This update provides additional evidence supporting metformin as the firstline medication therapy to treat type 2 diabetes when tolerated, and it supports a number of treatment options that might be added to metformin based on patient preferences. Not only is metformin favored on many intermediate outcomes, including HbA1c and weight, but also we found more conclusive evidence that cardiovascular mortality is higher with sulfonylureas than metformin. This is consistent with several guidelines, such as those of the American College of Physicians and American Diabetes Association, which recommend metformin as a firstline treatment choice.

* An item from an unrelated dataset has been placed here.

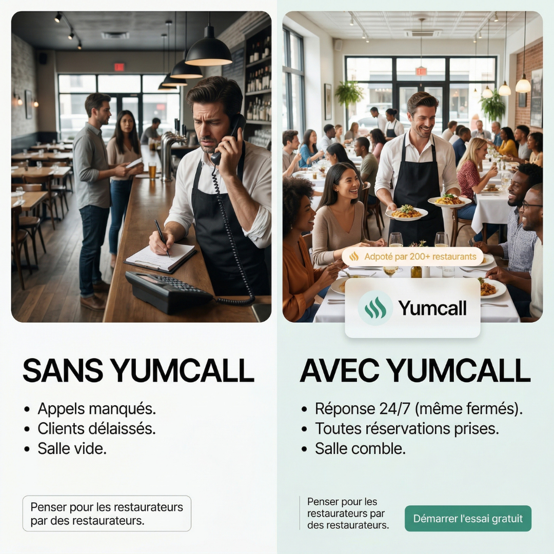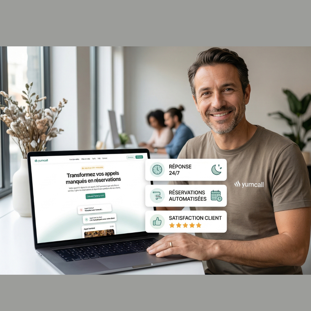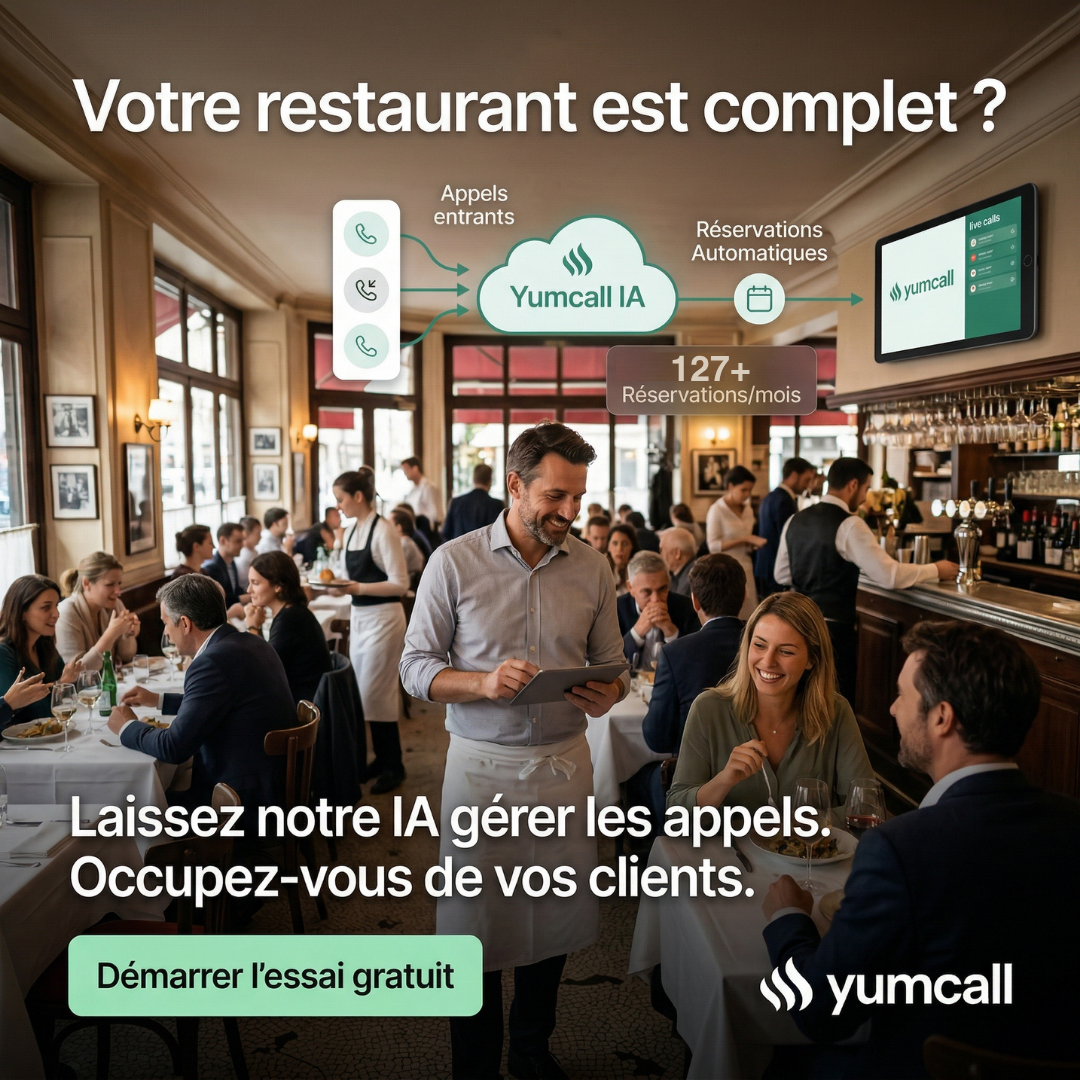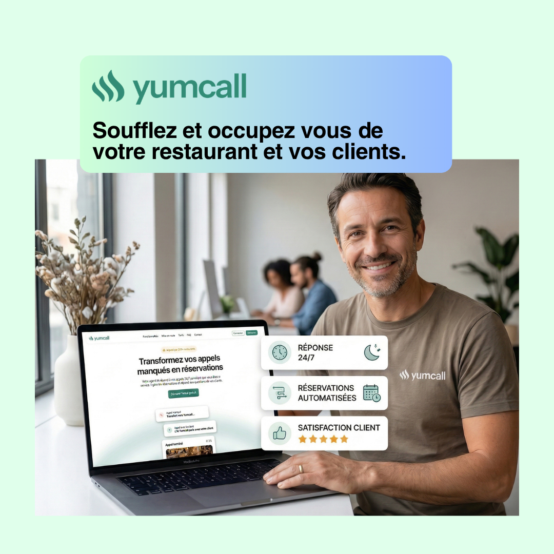 Yumcall est une plateforme SaaS d'agent vocal IA conçue pour les restaurateurs. Notre solution gère automatiquement les appels entrants des restaurants : réservations, modifications, annulations, questions fréquentes, 24h/24, 7j/7, avec une voix naturelle en français. Fini les appels manqués en plein service, fini le téléphone qui sonne dans le vide. Le restaurateur garde le contrôle via un tableau de bord simple et intuitif.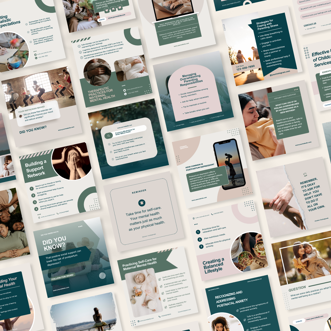Use these templates to consistently engage with your audience, providing content that is informative, supportive, and empowering. Save time, effort, and money, focusing on what matters most — supporting mothers in their mental well-being journey. 🤱⏰💰

The alternative to initial therapy with metformin in type 2 diabetes is an important consideration, given that metformin is not currently recommended for use in patients with kidney disease73 (approximately 22% of people with diabetes in the United States)74 or may not be tolerated because of side effects. In addition, the "best" second-line therapy after metformin is still unclear. We evaluated non–metformin-based monotherapy comparisons in this report and demonstrated that the other monotherapies, with the exception of DPP-4 inhibitors, which are not as effective in reducing HbA1c as metformin, generally decrease HbA1c to a similar extent (and comparably to metformin). These other monotherapies' effects on body weight vary, as do their risks, such as congestive heart failure (increased risk for thiazolidinediones), hypoglycemia (highest risk with sulfonylureas, including for severe hypoglycemia for many comparisons), gastrointestinal side effects (nausea and vomiting with GLP-1 receptor agonists), and genital mycotic infections (increased risk for SGLT-2 inhibitors). Most importantly, we do not have conclusive evidence on the relative long-term effects of non–metformin-based monotherapy comparisons on all-cause mortality or cardiovascular outcomes, microvascular outcomes, and rare serious adverse events (e.g., pancreatitis risk with GLP-1 receptor agonists). The evidence we present on metformin-based combination therapies provides some insight into the selection of add-on therapy to metformin, but it is not definitive because of the uncertainty of long-term outcomes and differential effects on weight and adverse effects. Comparisons of the metformin-based combinations yielded effectiveness and safety results consistent with the metformin monotherapy comparisons described in detail previously. Therefore, the "best" alternative to metformin initial therapy or the "best" second-line therapy choice after metformin remains unclear and should be based on individual patient factors, as suggested in recent guidelines.4 These include clinical factors such as patient age and weight as well as preferences related to differential effects of medications on weight, hypoglycemia, and gastrointestinal and other side effects; tolerance of unknown risks; treatment burden (e.g., oral vs. parenteral administration); and cost.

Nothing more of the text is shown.